Vancouver Canucks' 4 Most Impressive Stats Early in 2013-14
Their 11-7-2 record is a result of many factors and situations. The following statistics point to the Canucks' biggest strengths early on, and they have undoubtedly contributed to their success.
4. Blocked Shots
Not to take anything away from Roberto Luongo and his strong October (yes, you read that right), but his job becomes much easier when the Canucks in front of him sacrifice their bodies to stop the puck from getting to the net.
Through 20 games this season, the Canucks have blocked a total of 291 shots—good enough or sixth in the NHL. At this rate, they'll surpass last year's 48-game total in just 39 games.
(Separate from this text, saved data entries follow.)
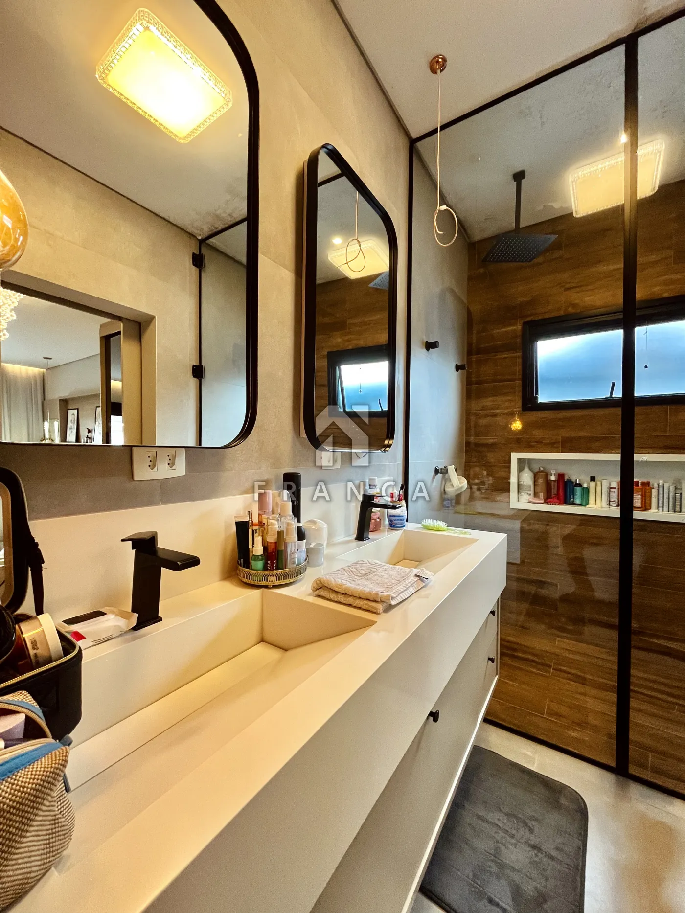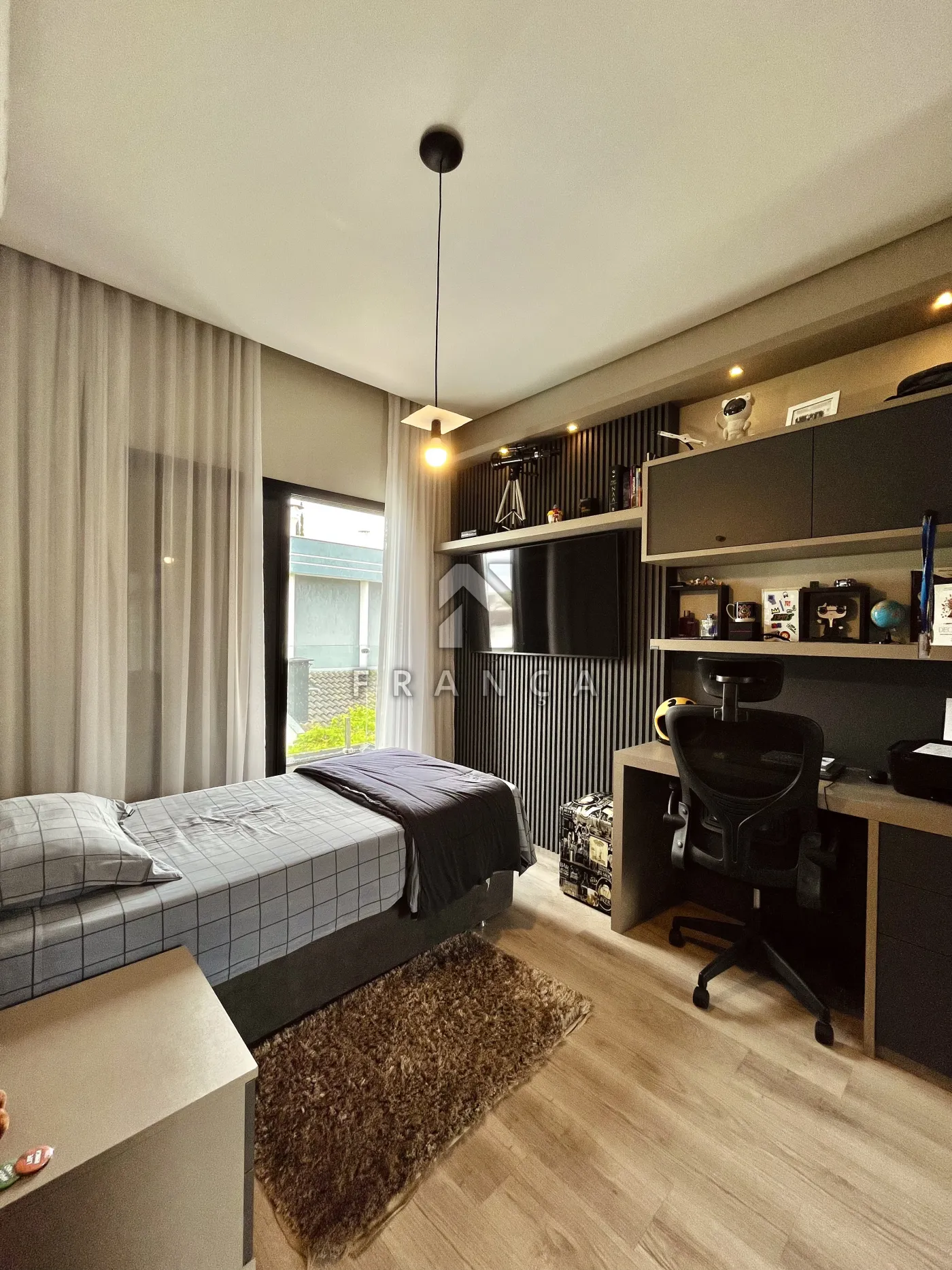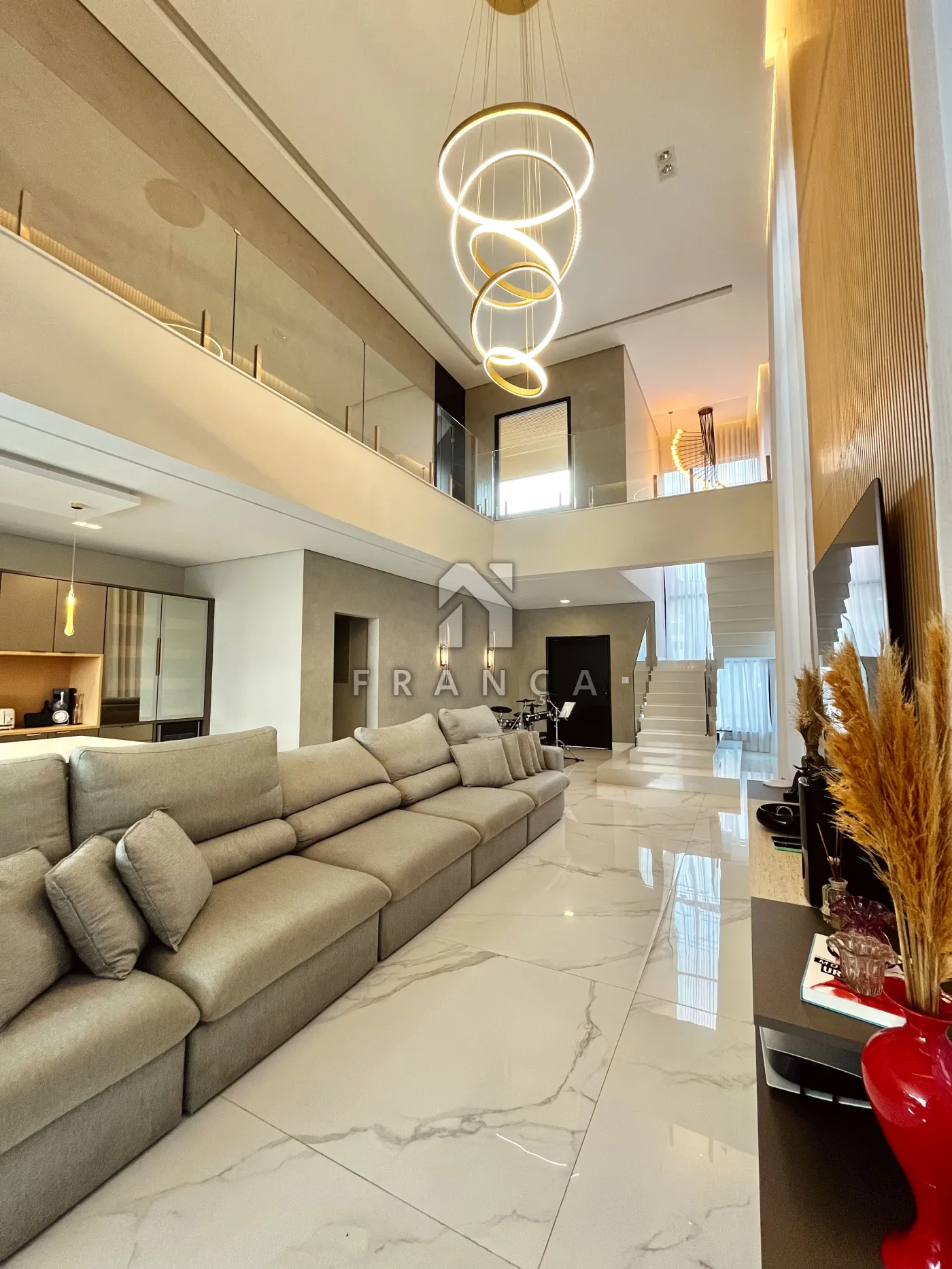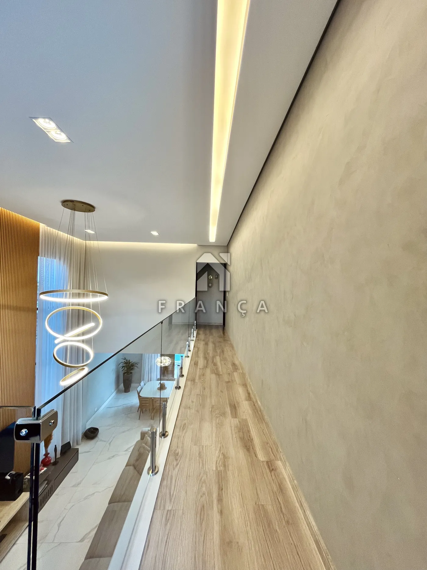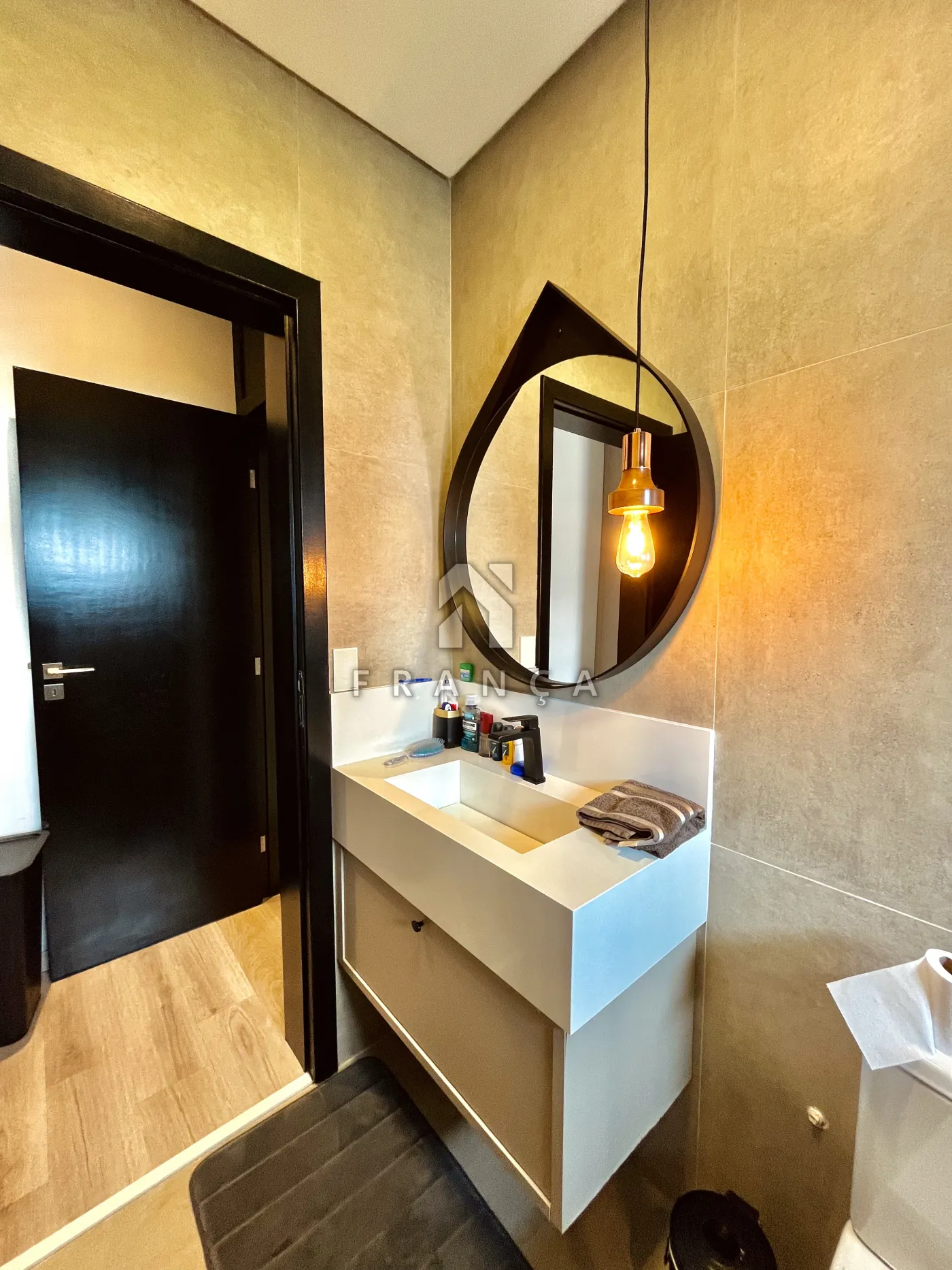 - Sala de TV: Painel planejado exclusivo e lustre central, com lavabo de apoio adjacente.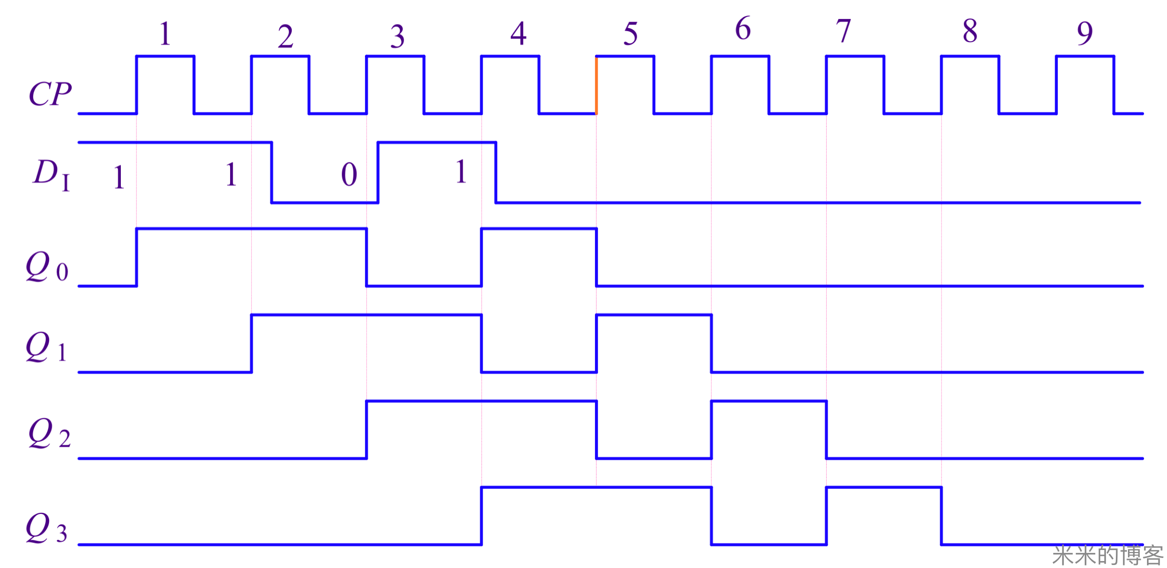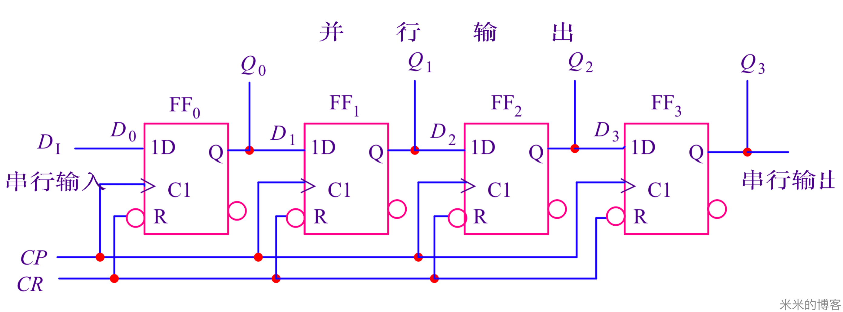 可以看到,如果同步地将串行数据和时钟信号输入,那么在四个时钟脉冲后,Q0,Q1,Q2,Q3 的输出就正好对应输入的串行数据。换言之,这实现了 4 位的串入并出移位寄存器。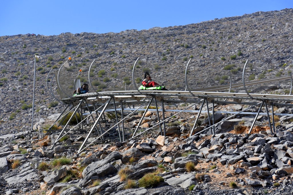 Wybierając się do Zjednoczonych Emiratów Arabskich pierwszym skojarzeniem jest oczywiście Dubaj. Owszem, to miasto robi wrażenie ale ZEA składa się z 7 Emiratów a najbardziej różnorodnym jest zapewne Ras Al Khajmah. Pasmo górskie Al-Hadżar z jego najwyższym szczytem Jebel Jais przyciąga od kilku lat turystów z całego świata. Przyjeżdżając w góry można skorzystać z różnych ekscytujących i wielokrotnie nagradzanych atrakcji, w tym z Jais Flight, najdłuższej tyrolki na świecie, Jais Sky Tour i noclegu w Bear Grylls Explorers Camp. Najwyżej położona restauracja w ZEA, 1484 by Puro która działa od niespełna roku, przezywa prawdziwe oblężenie. Będąc w tym miejscu przed rokiem miałem okazję zjechać na najdłuższej tyrolce świata a pozostałe atrakcje były dopiero w planach. Tym razem mogłem skorzystać zarówno z kuchni jak i panoramy wspomnianej restauracji, oraz zupełnie nowej inwestycji której nie ma jeszcze nawet na mapach Google. Ta nowość to tor saneczkowy dający niemniej frajdy co zjazd na sąsiedniej tyrolce.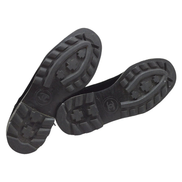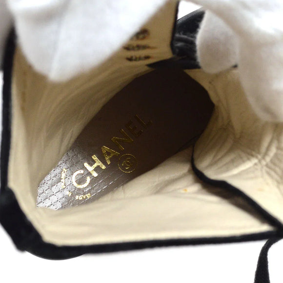 香奈儿黑色天鹅绒拉丝靴鞋#36 1/2
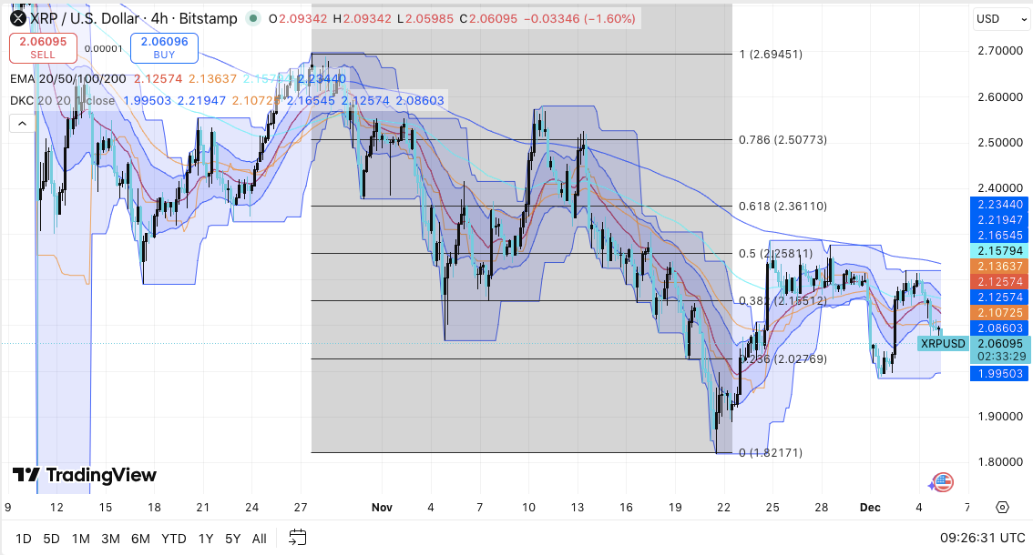 XRP has struggled to break above the $2.15–$2.16 zone, which aligns with the 4H EMA ribbon and the 38.2% Fibonacci retracement. Buyers attempted several recoveries; however, each push met renewed selling pressure.

In the words of Wayne Gretzky, "You miss 100 percent of the shots you don't take."
The Canucks understand that philosophy, and they have performed accordingly with an average of 32 shots per game.
To reiterate how important shots are to success, the five teams in the league with more shots than the Canucks have a combined record of 58-23-13.
2. Road Record
There's no question that teams have a greater advantage at home than on the road. It's far easier to pick up the "W" when thousands of fans are cheering you on and the opposition had to travel the day prior.
Last year, just six out of 30 teams had more wins on the road than at home. The Vancouver Canucks are on pace to do just that this season.
Thirteen of the Canucks' 20 games this season have been on the road, including a grueling eastern trip in which they played seven games in 11 days and came out with a 5-1-1 record.
Overall, the Canucks' record away from home is 7-4-2 this season. The ability to enter another team's building and pick up the win is critical.
1. Penalty Kill
The Canucks currently sit in first in the NHL with a penalty kill rate of 89.4 percent (just seven goals against in 66 attempts), and they are tied for second with three short-handed goals.
Since 2000, just one team (the 2011-12 New Jersey Devils) has finished a season with a better PK.
Hockey is a physical sport, and players will cross the line; there's no way around it. The ability to shut down the opposition's power play (and even be a threat offensively) when that happens is what sets teams apart.